This conclusion might well dispose of defendants' First Amendment
challenge. Given Congress' justifiable view that the DMCA is instrumental
in carrying out the objective of the Copyright Clause, there arguably is no
First Amendment objection to prohibiting the dissemination of means for
circumventing technological methods for controlling access to copyrighted
works. But the Court need not rest on this alone.

In determining the constitutionality of governmental restriction on speech,
courts traditionally have balanced the public interest in the restriction
against the public interest in the kind of speech at issue.43 This approach
seeks to determine, in light of the goals of the First Amendment, how much
protection the speech at issue merits.

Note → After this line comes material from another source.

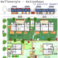 Durch die konsequent nach Süden orientierte Bebauung werden optimale solare Energiegewinne erzielt. Die Anordnung ermöglicht eine ganzjährige Besonnung der Südfassaden. Die verschatteten Gebäudenordseiten werden für Erschließung und PKW-Stellplätze genutzt.

It then examines the underlying
rationale for the challenged regulation and assesses how best to
accommodate the relative weights of the interests in free speech interest
and the regulation.44

____________________

     43 1 NIMMER §§ 1.10[A]-1.10[B][1], at 1-66.45 to 1-74. This
     "definitional balancing'' is to be distinguished from "ad hoc
     balancing,'' which seeks to balance only the particular interests
     of the parties before the court, rather than the more general
     public interests in the kind of speech and the governmental
     regulation at issue. According to the Nimmers, ad hoc balancing
     has proven unsatisfactory and generally has been replaced by the
     definitional balancing method. Id.§ 1.10[A], at 1-67. See also
     Konigsberg v. State Bar of Calif., 366 U.S. 36 (1961).

     44 This kind of balancing has been utilized in cases involving
     inter alia obscenity, privacy, and libel. 1 NIMMER § 1.10[A], at
     1-68 (citing Roth v. United States, 354 U.S. 476 (1957)
     (obscenity); Time, Inc. v. Hill, 385 U.S. 374 (1967) (privacy);
     New York Times v. Sullivan, 376 U.S. 254 (1964) (libel)).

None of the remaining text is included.